Gal-On: Change law to protect reporters like Blau

Meretz leader proposes bill to fix what she sees as law's undue constraints on journalists from uncovering gov't illegalities, corruption.

Zehava Gal-On 311 (photo credit: YouTube screenshot)
Zehava Gal-On 311
(photo credit: YouTube screenshot)
Meretz Party chairwoman MK Zehava Gal-On on Wednesday proposed a bill to remove what she views as undue constraints the law imposes on journalists from uncovering illegalities and corruption in government.
According to Gal-On, the current law “suffers from an anomaly that has lasted for years” and pits the journalistic ethical requirement of exposing and reporting to the public illegality and corruption against overly broad laws designed to protect national security secrets and documents from being divulged.
Gal-On did not quarrel with the law when it protected genuine national security secrets and defined and provided for the punishment of people who reveal them as a spies.
Rather, she said that the law should distinguish between cases where security interests are involved and those where illegalities and corruption are being shielded from the public under the guise of national security.
The proposed law comes against the backdrop of the state’s prosecution of Haaretz reporter Uri Blau.
Many journalists, including the Jerusalem Journalists Association, have loudly protested Blau’s arrest, even demonstrating outside the Justice Ministry in the capital over Attorney-General Yehuda Weinstein’s decision to indict Blau.
Weinstein has announced that he will charge Blau with possession of classified military documents, which he received from former OC Central Command secretary Anat Kamm.
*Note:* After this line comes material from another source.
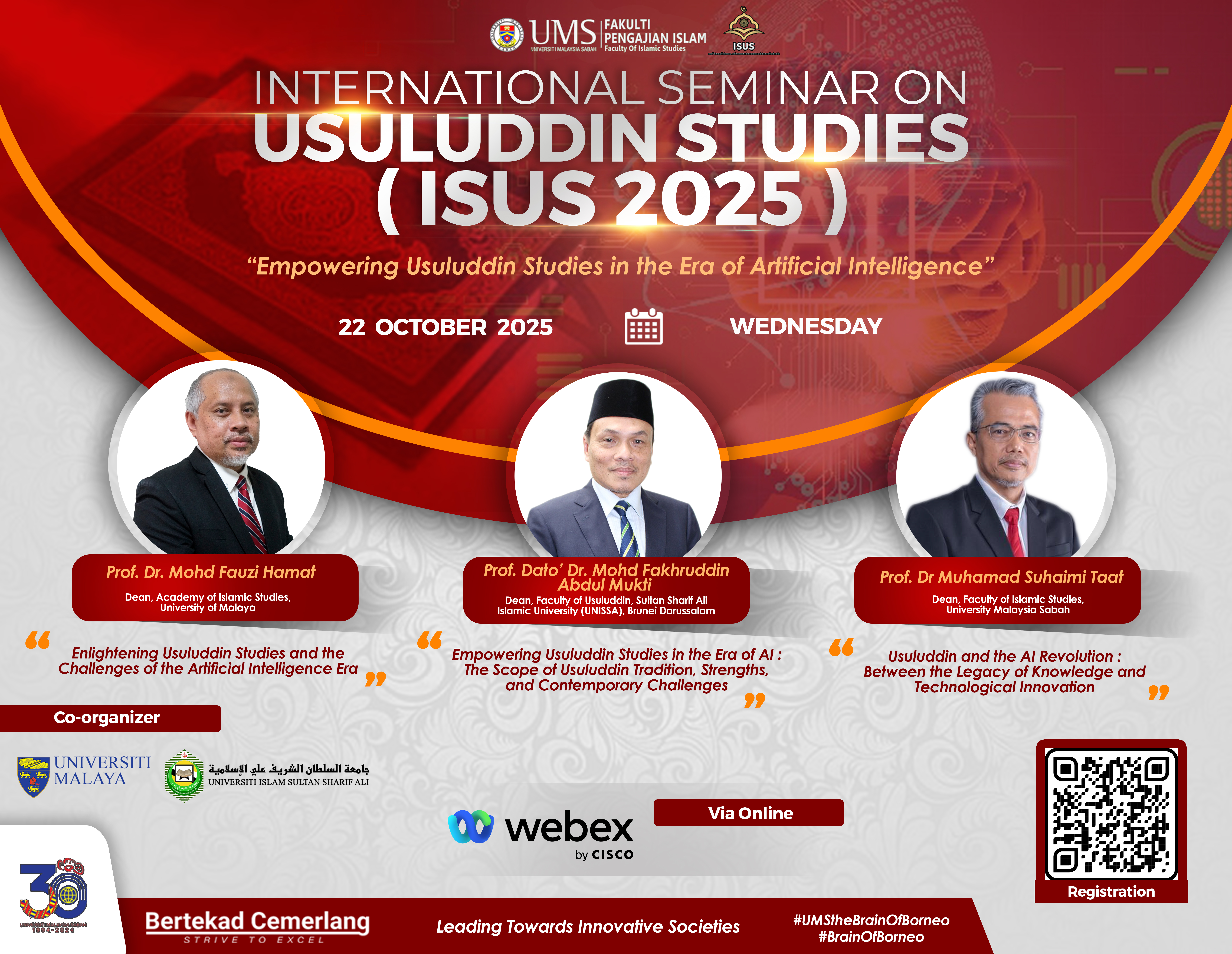 The Faculty of Islamic Studies, Universiti Malaysia Sabah (UMS) proudly presents the International Seminar on Usuluddin Studies (ISUS 2025), themed “Empowering Usuluddin Studies in the Era of Artificial Intelligence.”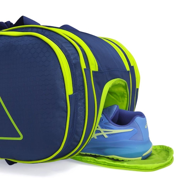 - Detalhamento: Raqueteira tripla com amplo espaço no compartimento principal, que conta com bolsos internos para organizar todos os seus itens. Dois compartimentos externos, com forro térmico em ambos os lados da bolsa, protegem suas raquetes contra temperaturas extremas, com capacidade para até 4 raquetes de Pickleball (duas em cada bolso). Dois bolsos adicionais nas laterais, com logo e escrita da marca, oferecem acesso rápido a itens menores. Na base, há um compartimento para acomodar um calçado. No topo, alça reforçada e gancho permitem prender a bolsa em qualquer lugar, inclusive sob o sol. Duas alças reguláveis possibilitam o transporte nos ombros, enquanto alças de mão proporcionam ainda mais versatilidade. Logo e escrita da marca estão presentes na parte frontal e nas alças, conferindo estilo e identidade à bolsa;

The decision follows a 2008 story in which Blau, using leaked documents, revealed that the military planned in advance to kill Palestinian leaders and fighters, but then passed their deaths off as mishaps during “failed” attempts to arrest them.
Blau is to be charged under the Penal Code with aggravated espionage, which stipulates that obtaining, collecting, preparing, recording or keeping secret information without authorization, but without intent to harm state security, is punishable by seven years in prison.
The attorney-general explained that before deciding to indict the reporter, he had taken into account “all the relevant considerations,” including the need to preserve the character of a free press and allow the media to carry out its essential role in ensuring the public’s right to know.
However, Gal-On suggested that the current law puts journalists in a catch- 22 situation, caught between doing their job and committing a crime.
Her proposed law would declare journalistic conduct that was within the confines of official journalistic ethics of exposing illegality and corruption to be outside the definition of illegal conduct under the national security protection laws.
In the future, if a journalist like Blau exposed an illegality or an act of corruption by divulging documents that the law would otherwise prohibit anyone from sharing with the public, the journalist would not have committed a crime because his conduct would be within the new exception to the law.
Gal-On also said that the proposed law would protect journalists from civil defamation lawsuits for their actions where it was found that the journalist had acted according to journalistic ethics.
Joanna Paraszczuk and Ruth Eglash contributed to this story.